FlexKit it is an iteration of a shape-changing fashion line I designed in undergrad. Specifically, one of the dresses had tendon based actuators powered by twisted then coil polymer muscles that lifted the skirt. A major frustration for me was that I did not have he resources to do precision fabrication. Also, for this project I always hoped of making a flower that bloomed, but could not get it to work with craft fabrication.
For this project, I was curious to see how a reconfigurable press fit kit could be leveraged as an assembly kit for actuators.
First, I began by characterizing the laser cutter, first to measure the kerf and second to see what distance was needed for a solid press fit. The results are shown below
After this, I began by modeling different components in Fusion 360 I thought would be useful. Some act as the bending component of the actuator while others just hold the thread straight. The design files are show below. I really enjoyed the process of parametric modeling. I had previously used it to develop housing for an artificial lung, but without CAD experience I relied on my mechanical engineer teammate to do the modeling. To be in the drivers seat this time was empowering.
Once I figured I had a nice assortment of parts, I printed a bunch of them. I knew I would be destructively creasing some of them (I will touch on this later) so I printed out and excess amount. An interesting issue I ran into was that the laser cutter would retrace over some segments twice even though there was only one line. After opening in Rhino, I saw that multiple lines were stacked on top of each other for certain components. By simply clicking and deleting the excess lines, and exporting as a dxf, I was back on track.
In order to make the artificial muscles, I used Shieldex 4-ply silver coated nylon thread. I twisted this thread using a hand drill with 150g of weight. It is important than I twisted in the same direction the thread was already twisted, if I went in the other direction it would take longer to twist and would break. Once coiled, I placed a 300g weight in the middle, folded the muscle over itself, and allowed it to wrap around itself. I then added 1kg of weight to the muscle, and put .6 A of current across the muscles (about 9 volts for my length of actuator). The muscle will lengthen at first, and after a few heat/cool cycles will start shrinking/expanding reversible. The final muscles are shown below (8 were prepared).
More details on the fabrication exist in literature, but some informal tips I have are: 1. When twisting, try to do it without stopping, stuff always goes wrong when you pause 2. Paperclips are your friend 3. Twist in the same direction the thread is already twisted
Once prepared, I began exploring the different actuator possibilities.

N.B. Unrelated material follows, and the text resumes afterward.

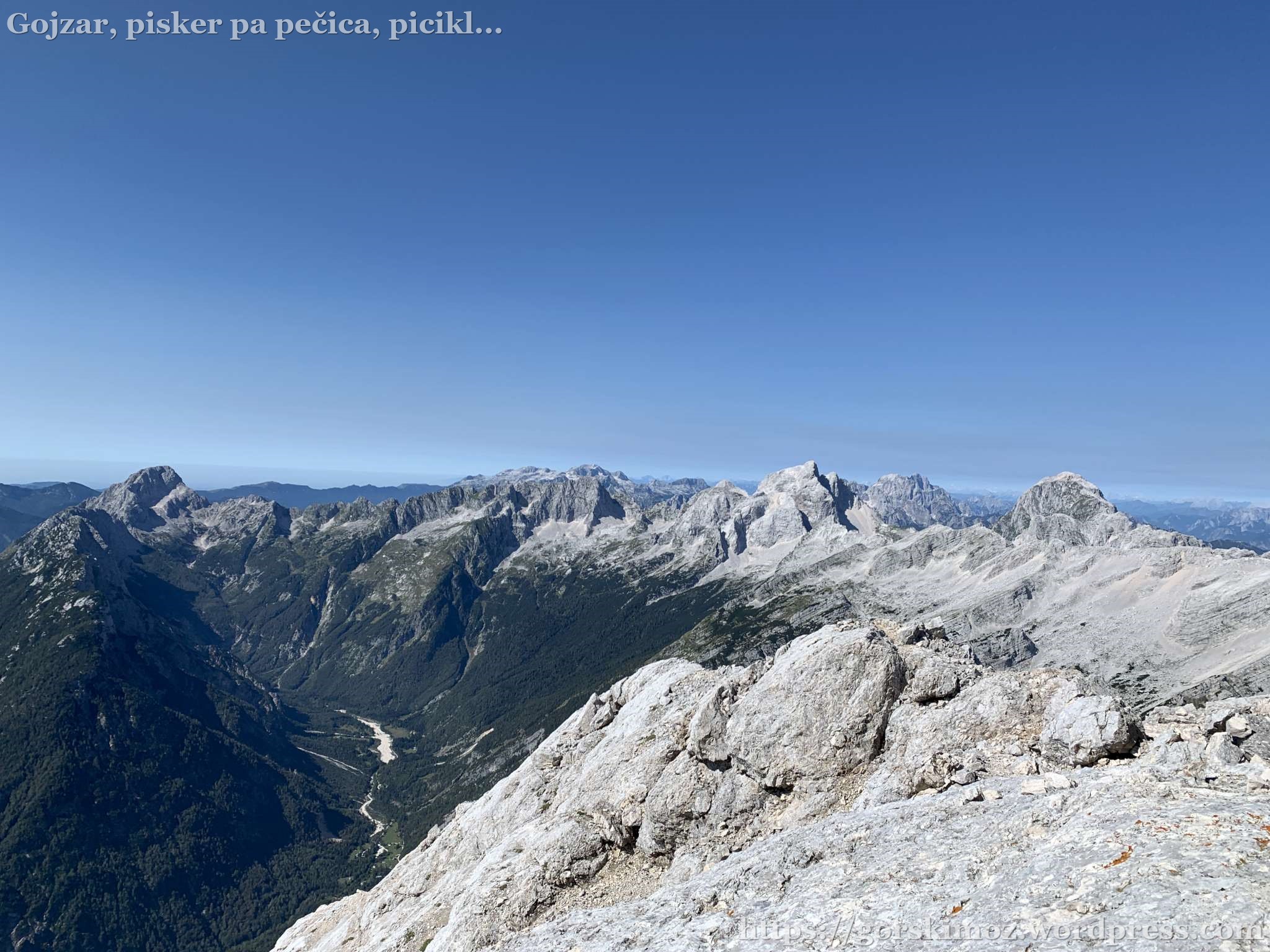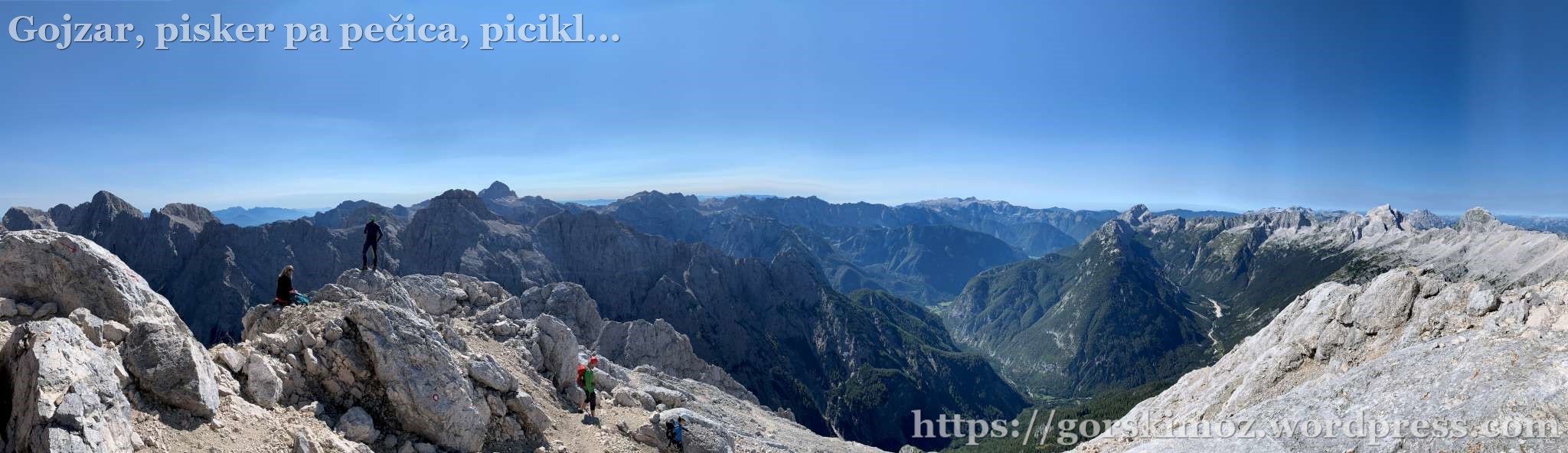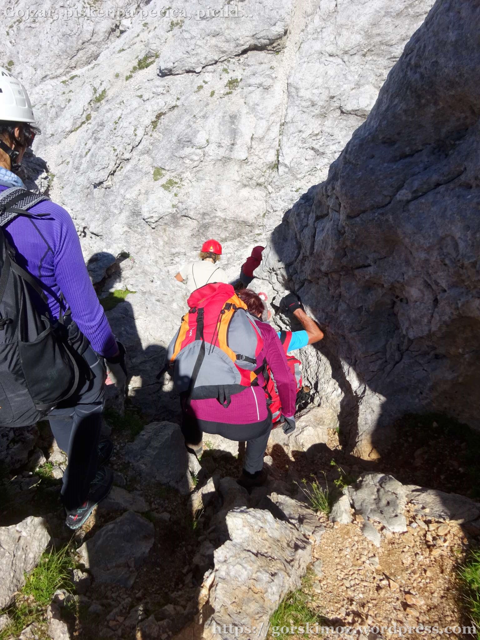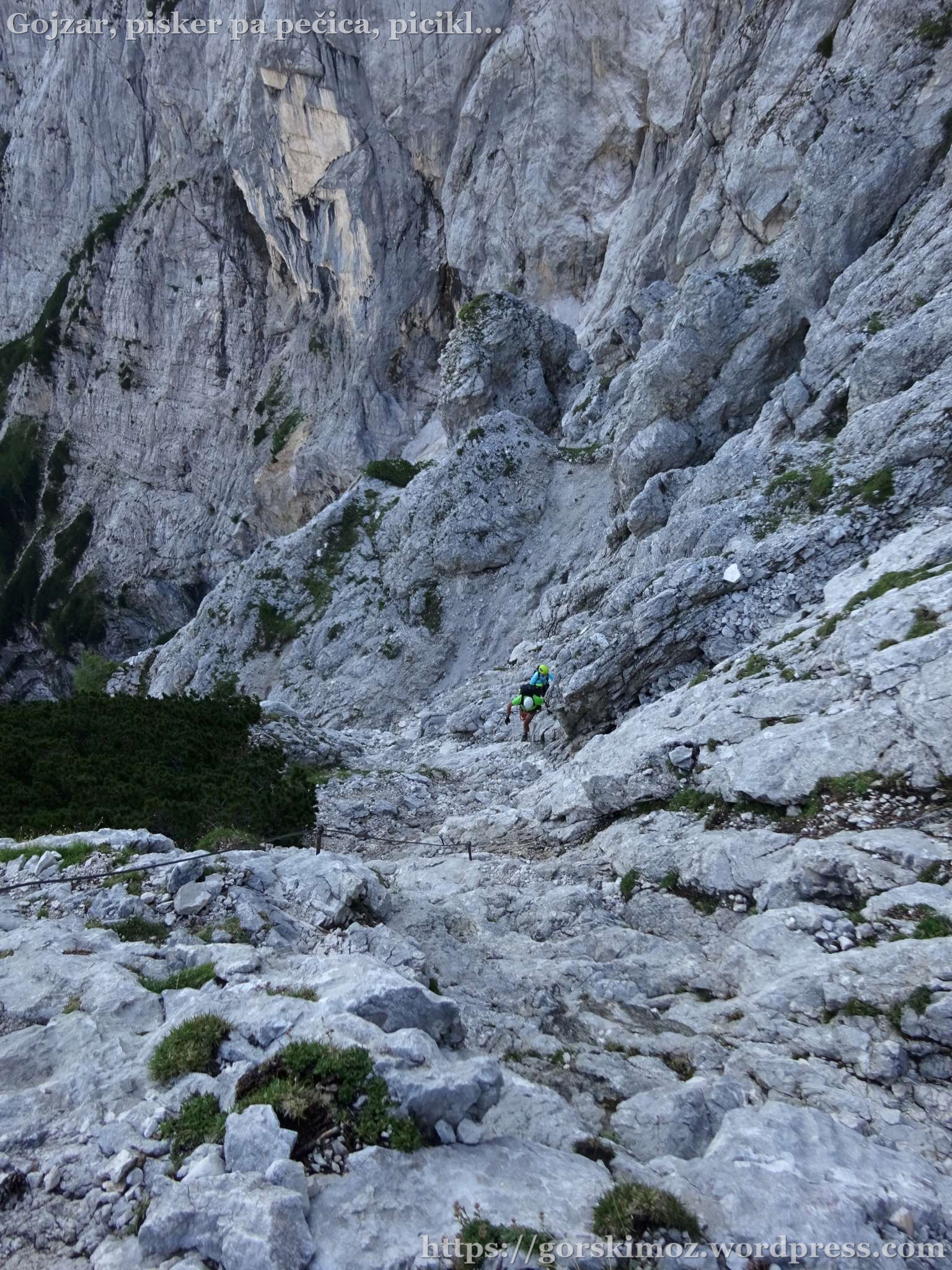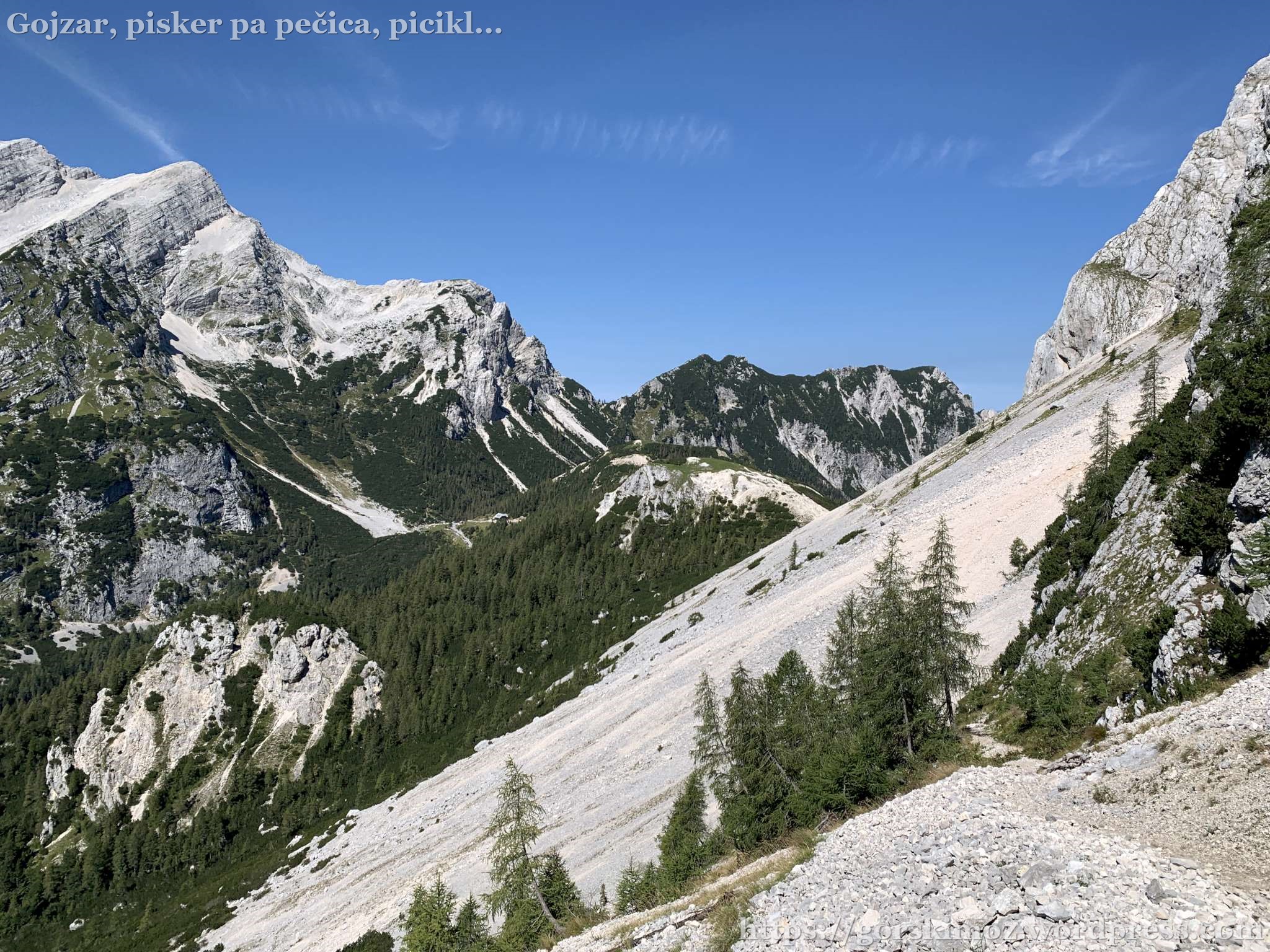 Sestop po Slovenski poti je sicer mnogo lažji (kot vzpon po Kopiščarjevi in grebenski poti), a vseskozi je potrebno biti previden, saj je na skalah dosti grušča in hitro se lahko zgodi zdrs. Po prehodu poti iz skalnate grape na travnata pobočja, pot postane lažja in še bolj lahko uživamo v prekrasnih razgledih na okoliške gore. Ko pridemo do melišča smo pa že skoraj na izhodišču. S kolegico Anjo sva skupino malo pred koncem prepustila Polonci, sama pa pohitela proti Vršiču, saj je bila napovedana zapore ceste zaradi prireditve. Še pravočasno sva prišla do avtomobilov in se odpeljala proti Kranjski gori, preden so cesto zaprli.

These primitive were done without an artificial muscles since they can be tricky to set up.
First, I made a gripper, that is able to pick up a rubber duck.
Then I made a simple bending finger. By creasing the material in specific areas, one can ‘encode’ joints into the cardboard which informs the actuation behavior.
I then began implementing the artificial muscles, the bending finger here is powered by one. A 9-volt batter could power it
I also made a blooming flower. While some of the petals bend, not all do. This is because I did not have equal current going through all the tendons. I could have fixed this by hooking up a separate 9 volt battery to each muscles, but it was getting late and I had a website to make.
For the Vinyl Cutter assignment, I used the machine to create a vinyl electroetching mask. Once etched in a saltwater bath, I had a bookend of my academia family! (Prof. Lining Yao was my old advisor at CMU, Prof. Hiroshi Ishii is my current advisor at MIT, Lining did her Ph.D. at MIT with Hiroshi).
To make the mask, I composed a collage image of the three of us. I then used Adobe Illustrator ‘Image Trace’ feature to make the black and white SVG. I had to play around with the contrast and white exposure of each image so that they all ended up with similar levels of detail and black/white shading. I also found that lowering the quality of the images made for smoother silhouettes.
Once I had the image, I used the vinyl cutter to cut the image into black vinyl. While some smaller bits got lifted up I was able to save them by pressing them back down. I then used the transfer tape to convert it steel. I found this process to be very easy, the trick is peeling it at a sharp angle. I then transferred the mask to a piece of scrap metal I sheared.
Once transferred, I then used copious amount of electrical tape so attach a wire to the scrap metal. The goal is to prevent the water from touching (and thereby etching) the wire.
I then filled a bucket with water and copious amount of salt. I then placed some scrap metal in the solution and clipped it to the negative power supply terminal, I did the same with the piece of metal to be etched, but connected it to the positive terminal. I ran the power supply with as much current as I could, about 3 amps, for varying times from 20 minutes-3 hours. The longer it runs, the deeper the etch, but there wasn’t a huge difference between the 2 hours and 20 minute final result.
The single most important thing is washing off the metal as soon as you take it. Even a few seconds of hesitation can cause removed iron to reattach leaving a dirty looking surface. I would immediately rinse with water then ethanol (do not let water dry on steel). Once sufficiently cleaned, I sprayed iwth a shellac spray to protect the surface from rusting.
Finally, I used the metal bender in the CBA shop to make a nice bookstand!